=== Section Start ===

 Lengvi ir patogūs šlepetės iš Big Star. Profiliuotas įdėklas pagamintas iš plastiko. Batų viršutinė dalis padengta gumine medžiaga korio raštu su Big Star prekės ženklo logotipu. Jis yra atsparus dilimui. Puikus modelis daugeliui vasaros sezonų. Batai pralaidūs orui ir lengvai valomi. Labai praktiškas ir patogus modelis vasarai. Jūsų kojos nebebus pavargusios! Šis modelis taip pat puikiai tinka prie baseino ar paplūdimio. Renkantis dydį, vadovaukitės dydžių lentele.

=== Section End ===
=== Section Start ===

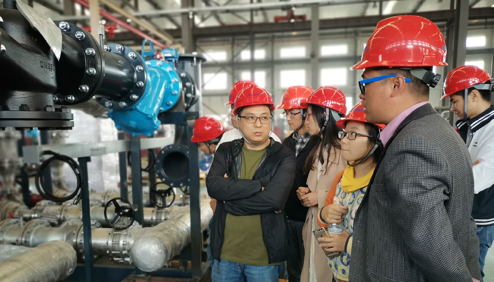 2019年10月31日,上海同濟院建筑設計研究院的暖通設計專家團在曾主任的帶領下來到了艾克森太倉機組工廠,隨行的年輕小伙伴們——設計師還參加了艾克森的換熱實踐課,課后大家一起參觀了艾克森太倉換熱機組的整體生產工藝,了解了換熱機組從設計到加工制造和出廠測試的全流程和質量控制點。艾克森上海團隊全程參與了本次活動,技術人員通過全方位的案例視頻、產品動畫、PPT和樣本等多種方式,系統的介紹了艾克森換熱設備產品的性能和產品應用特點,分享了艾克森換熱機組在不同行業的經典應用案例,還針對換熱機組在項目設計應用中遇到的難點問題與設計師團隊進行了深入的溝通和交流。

=== Section End ===
=== Section Start ===

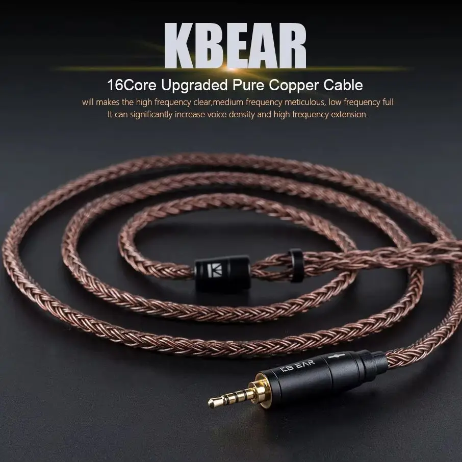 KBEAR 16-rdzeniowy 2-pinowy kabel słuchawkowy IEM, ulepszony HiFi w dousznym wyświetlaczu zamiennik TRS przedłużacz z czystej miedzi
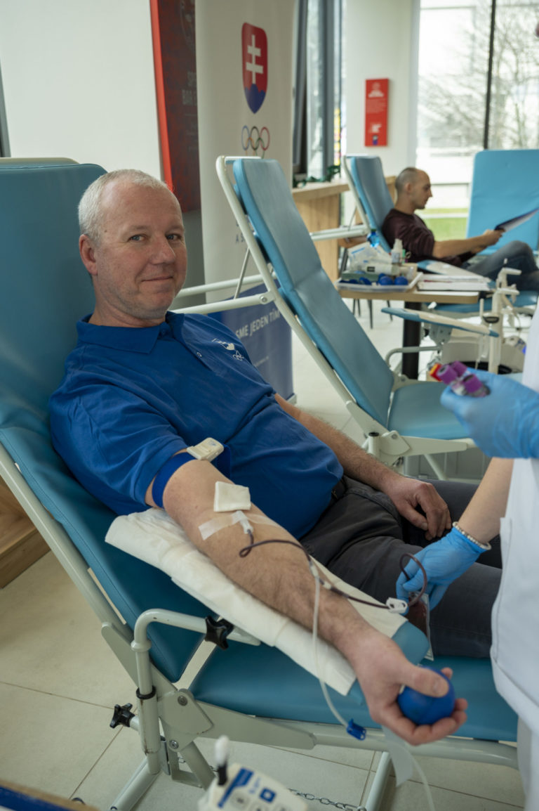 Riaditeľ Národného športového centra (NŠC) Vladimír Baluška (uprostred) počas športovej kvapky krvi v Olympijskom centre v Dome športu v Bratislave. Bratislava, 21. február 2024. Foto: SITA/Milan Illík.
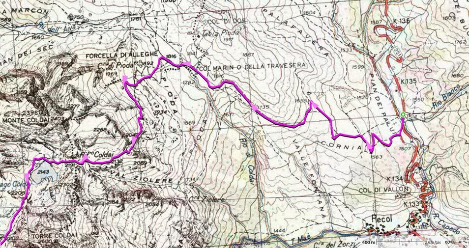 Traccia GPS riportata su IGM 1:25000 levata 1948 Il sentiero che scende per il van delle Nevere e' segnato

=== Section End ===

In the listing above, find the line with "KBEAR 16-rdzeniowy 2-pinowy" and the line with "Traccia GPS riportata". Output both, plus every line between them, and no pictures.

 KBEAR 16-rdzeniowy 2-pinowy kabel słuchawkowy IEM, ulepszony HiFi w dousznym wyświetlaczu zamiennik TRS przedłużacz z czystej miedzi
 Riaditeľ Národného športového centra (NŠC) Vladimír Baluška (uprostred) počas športovej kvapky krvi v Olympijskom centre v Dome športu v Bratislave. Bratislava, 21. február 2024. Foto: SITA/Milan Illík.
 Traccia GPS riportata su IGM 1:25000 levata 1948 Il sentiero che scende per il van delle Nevere e' segnato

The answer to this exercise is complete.